WHAT NEEDS TO BE DONE: In the listing below, find the line with "Лаконичный черный интегральный" and copy every line from there up to and including the line with "Satura sieviete stāv pie koka stieņiem", exactly and without pictures.

DATA:

■ ■ ■ ■ ■ ■ ■

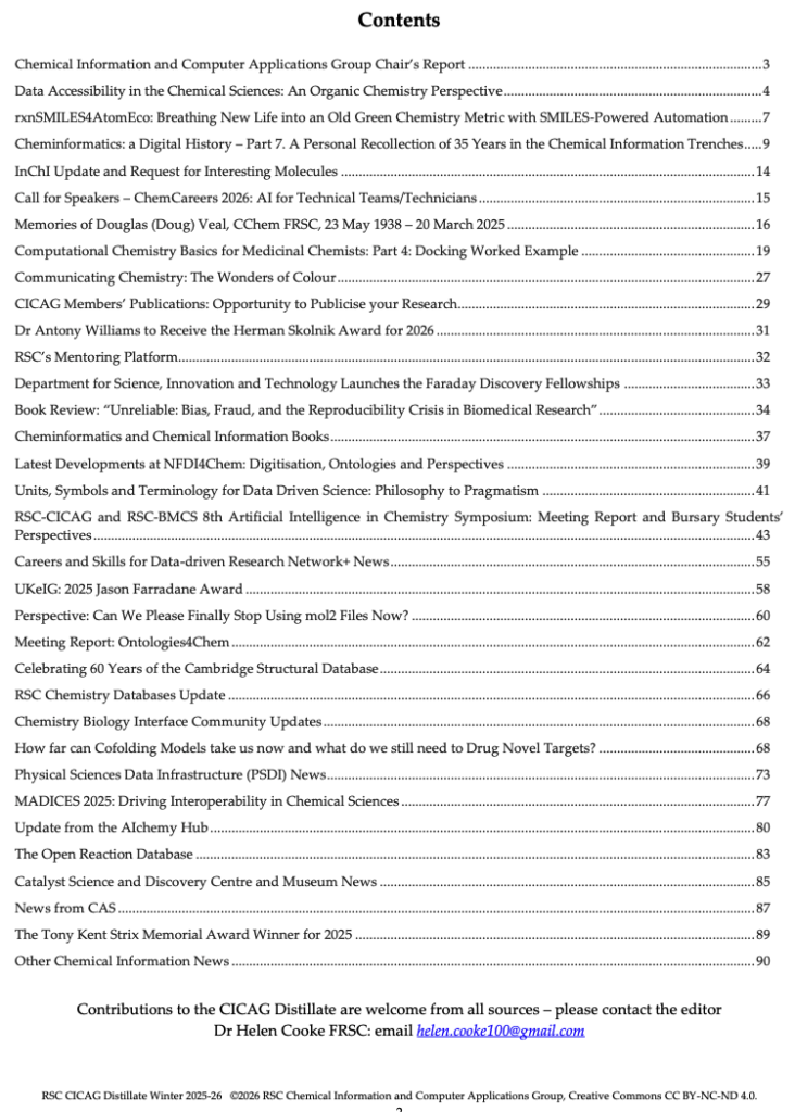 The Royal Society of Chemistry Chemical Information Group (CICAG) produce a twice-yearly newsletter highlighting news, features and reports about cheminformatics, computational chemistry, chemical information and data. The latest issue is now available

■ ■ ■ ■ ■ ■ ■

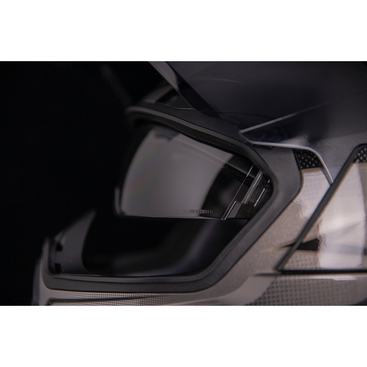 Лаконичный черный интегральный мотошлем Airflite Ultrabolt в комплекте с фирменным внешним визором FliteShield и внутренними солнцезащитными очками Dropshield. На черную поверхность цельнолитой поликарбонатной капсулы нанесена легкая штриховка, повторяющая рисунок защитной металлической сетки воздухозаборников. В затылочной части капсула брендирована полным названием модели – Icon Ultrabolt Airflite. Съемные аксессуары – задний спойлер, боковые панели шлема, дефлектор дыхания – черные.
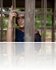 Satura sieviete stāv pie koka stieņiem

■ ■ ■ ■ ■ ■ ■

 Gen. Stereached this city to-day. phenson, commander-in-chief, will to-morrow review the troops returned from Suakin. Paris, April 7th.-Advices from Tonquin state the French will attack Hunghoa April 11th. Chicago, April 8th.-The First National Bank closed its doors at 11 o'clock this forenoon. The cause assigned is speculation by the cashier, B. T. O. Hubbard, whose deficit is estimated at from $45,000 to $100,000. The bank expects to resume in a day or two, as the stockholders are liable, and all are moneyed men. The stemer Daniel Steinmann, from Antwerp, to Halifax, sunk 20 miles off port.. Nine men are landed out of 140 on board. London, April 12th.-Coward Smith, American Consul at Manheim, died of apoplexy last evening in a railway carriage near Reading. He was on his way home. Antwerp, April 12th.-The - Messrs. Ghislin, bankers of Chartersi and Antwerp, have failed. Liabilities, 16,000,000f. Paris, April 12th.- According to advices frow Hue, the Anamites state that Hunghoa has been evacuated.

■ ■ ■ ■ ■ ■ ■

RESPONSE:
 Лаконичный черный интегральный мотошлем Airflite Ultrabolt в комплекте с фирменным внешним визором FliteShield и внутренними солнцезащитными очками Dropshield. На черную поверхность цельнолитой поликарбонатной капсулы нанесена легкая штриховка, повторяющая рисунок защитной металлической сетки воздухозаборников. В затылочной части капсула брендирована полным названием модели – Icon Ultrabolt Airflite. Съемные аксессуары – задний спойлер, боковые панели шлема, дефлектор дыхания – черные.
 Satura sieviete stāv pie koka stieņiem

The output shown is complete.